Agility is a quick attractive key and a crucial factor to all the organizations to survive in the uncertain and unstable market. The organization should continuously adopt the change according to the changing environment and need to respond quickly, flexibly and within the ability to meet customer demands (Ganguly et al. 2009). The implementation of agility in an organization requires a concern time, and it depends on various factors. The management and employees are required to be enthusiastic, accept the transformation of organization and develop a strategy to adopt agility (Devadasan et al. 2005). Agility is implemented with the attention of management by measuring the readiness level of a hospital. The current study helps to identify the readiness level of the hospital using fuzzy logic. Fuzzy logic approach is utilized mainly to overcome the difficulties like vagueness, uncertainty, and ambiguity (Vinodh and Vimal 2012).

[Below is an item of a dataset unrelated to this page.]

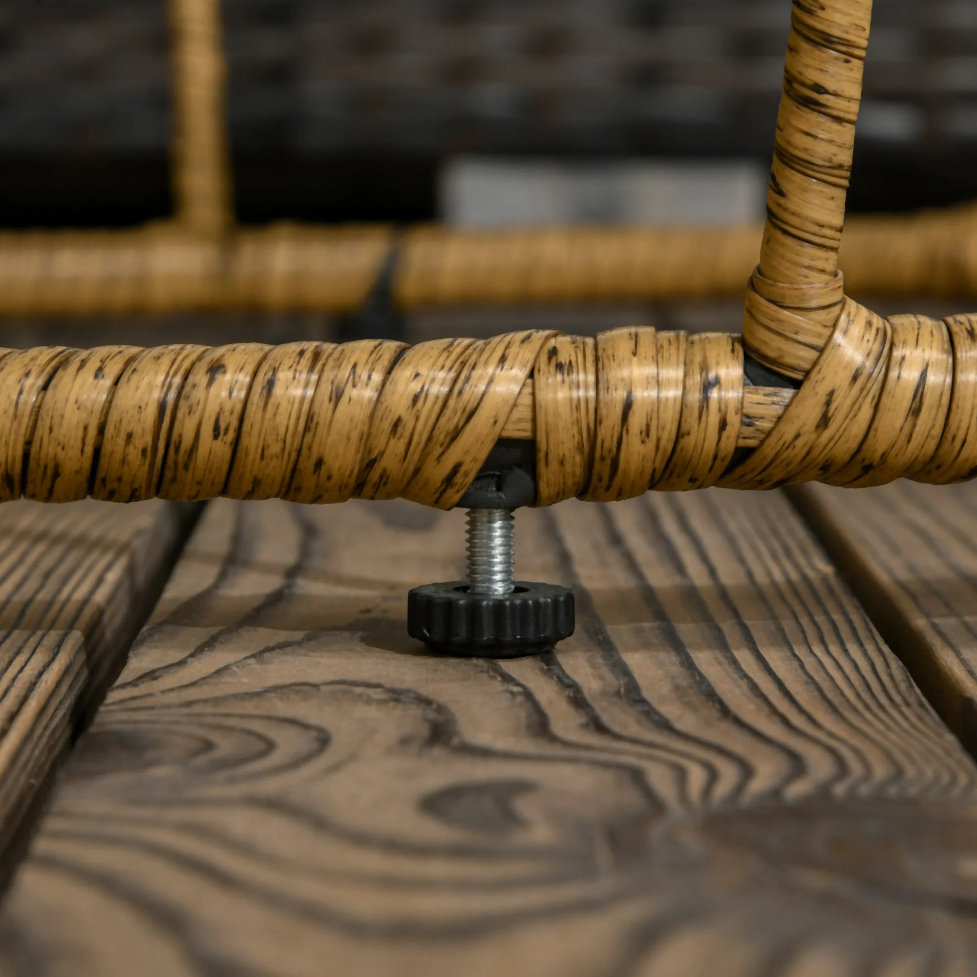 - Rundes PE-Rattan-Geflecht verleihen diesem Tisch einen Boho-Chic

The current study addresses the all three research questions. First, the framework for the assessment of readiness level is developed with the literature and the experts. Second, the model developed is tested with the case hospital and FRAI is computed and measured by Euclidean distance method and the hospital is found to be “average ready” for implementing agility. Third, FPII is computed to identify 15 attributes that were weaker from 56 attributes. The agile leader needs to discuss the strength and weakness, effective utilization of the potential of human resource, to set the goal to accomplish task and to develop a strategy to make hospital readiness. The organizational culture would encourage collaboration and cooperation among employees, innovation, creativity and transparency for making the organization agile (Sanatigar et al. 2017). The readiness level is increased in the hospital by integrating, implementing and practicing strategic workforce on planning workloads, healthcare size, location and process. The analysis of readiness level would help to increase flexibility and acceptance of agility among the employees of the hospital.

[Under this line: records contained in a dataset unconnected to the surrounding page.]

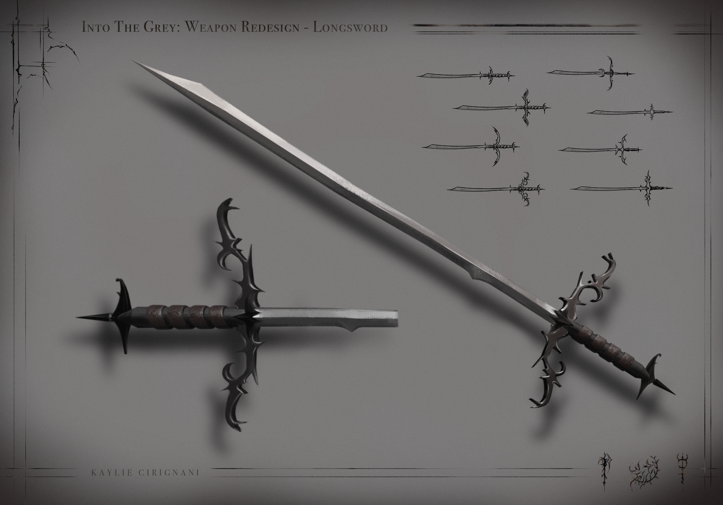 Another element that I felt essential to reimagine due to its relevance to the album’s storytelling is the weapons. In the comic series and music videos, the katana is a recurring icon. However, as the katana wasn’t brought to the Western European world that I’m depicting until centuries after the time period being represented, I developed a dual-handed longsword that was referenced from a German longsword from the sixteenth century. For the crossguard, I wanted to follow the same cybersigilism oriental-style that was used in the logos.
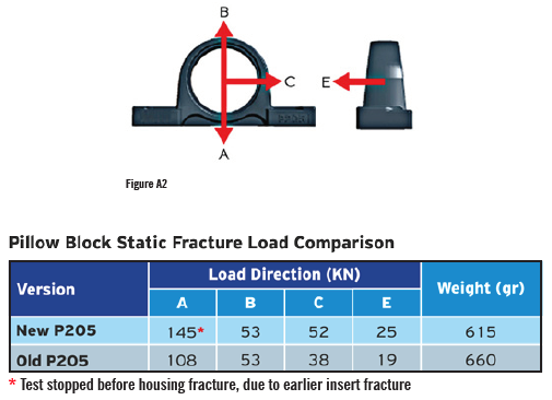 One of the challenges for the Koyo engineers was to increase the stiffness of the housing itself and to assure a more firm mounting of the housing on the supporting frame. After extensive FEM (Finite Elements Method) analyses and a thorough assessment of the stress concentrations in the old design a more robust design could be developed which increased the strength by up to 30% (depending on the direction of the applied forces – see Figure A1 ), while reducing the weight by around 7% at the same time.
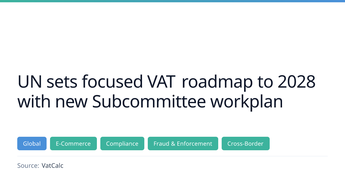 The United Nations Committee of Experts on International Cooperation in Tax Matters has announced a practical VAT agenda through 2028, establishing a Subcommittee on Indirect Taxes to produce guidance on execution gaps. The workplan covers five priority areas—digital economy VAT, fraud prevention and SME compliance, cross‑border dispute resolution, financial services/FinTech/crypto, and VAT regressivity—with draft outputs expected by October 2028. The initiative signals a global convergence in VAT thinking and increased scrutiny for tax authorities and businesses.

The current study addresses the issues related to resistance on the assessment model for readiness, but it has its own limitations. The generalizability of the study can be done by testing the model in different location and medium-sized hospitals in different regions because each hospital is unique in its nature and all the affecting factors are captured to be included in the model. The study can be extended in future by applying longitudinal study with a single hospital with different levels of healthcare organizations like dispensary, multi-specialty hospital, public and private medical institutes. Comparison and contrast would give further insights into the readiness level on a single hospital with long time and different hospital with a single time. Further, it can use correlation to rank the agility readiness attributes.